An Accessory Dwelling Unit (ADU) is a separate dwelling unit that contains independent kitchen, sleeping and bathroom facilities, and is located on a residential zoned lot, subordinate to main dwelling. An ADU permit is required through the Planning Division. This review is administrative with no public hearing notice. Once the permit is approved, the applicant may apply for the Building Permit posthaste, as ADUs are not subject to appeal.
Updated State Law
In order to streamline the review process and help expedite ADU approval, several changes to state law were made in 2017, including:
- Parking Requirements - Required off street parking for ADUs are waived if the subject property is located within a half-mile of a transit stop.
- Fire Sprinklers - If the main dwelling does not currently have a fire sprinkler system, the ADU will not be subject to installing a system.
- Utility Hook-Ups - Separate utility hook-ups for ADUs are considered voluntary and are not required, as the second unit can be tied into the main dwelling.
For more information, see Accessory Dwelling Unit Handout.

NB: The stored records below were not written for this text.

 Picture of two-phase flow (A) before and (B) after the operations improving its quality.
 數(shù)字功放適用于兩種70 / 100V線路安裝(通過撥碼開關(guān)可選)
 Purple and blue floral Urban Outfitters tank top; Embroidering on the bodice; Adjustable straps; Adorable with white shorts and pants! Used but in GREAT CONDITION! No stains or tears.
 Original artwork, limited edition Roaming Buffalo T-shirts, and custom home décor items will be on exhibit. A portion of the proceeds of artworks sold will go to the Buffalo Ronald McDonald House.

Building an ADU? Go all-electric.
- Save on costs for new construction
- Improve indoor air quality
- Enhance earthquake safety
- Reduce greenhouse gas emissions from natural gas
Save money on new construction.
Forgoing the installation of gas lines in all-electric new construction homes saves $7000 on average. While this number differs for detached ADUs, as gas lines are only run from the ADU to the meter, there is still an overall expected cost savings on newly constructed ADUs.
Save even more by adding solar to your ADU.

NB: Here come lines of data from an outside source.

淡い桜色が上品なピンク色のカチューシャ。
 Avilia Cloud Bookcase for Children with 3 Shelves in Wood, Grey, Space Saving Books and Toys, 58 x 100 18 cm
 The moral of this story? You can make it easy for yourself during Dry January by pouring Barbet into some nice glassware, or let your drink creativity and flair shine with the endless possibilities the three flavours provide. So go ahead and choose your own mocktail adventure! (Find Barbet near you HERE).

Installing solar will reduce your electricity bill and protect you from rising energy costs. With net metering, solar system owners are paid when they provide excess energy generated from solar panels to the grid. Installing solar panels produces thousands in energy savings for an ADU over the lifetime of the solar panels.
Improve Indoor Air Quality
Natural gas stoves and appliances release carbon monoxide, nitrogen dioxide, formaldehyde, and other ultrafine particles that can affect respiratory health and cause other issues, such as headaches and nausea. Switching to an electric stove and electric appliances greatly improves air quality in the home.
Enhance Earthquake Safety
One in every four fires after and earthquake results from damaged gas lines. Help make your home safer and more secure in the event of an earthquake by going all-electric.
Reduce Greenhouse Gas Emissions
Natural gas combustion in residential and commercial uses accounts for 12% of California’s emissions each year. All-electric new construction ADUs and single family homes will run on 100% carbon-free electricity and produce zero carbon emissions due to Albany's partnership with EBCE.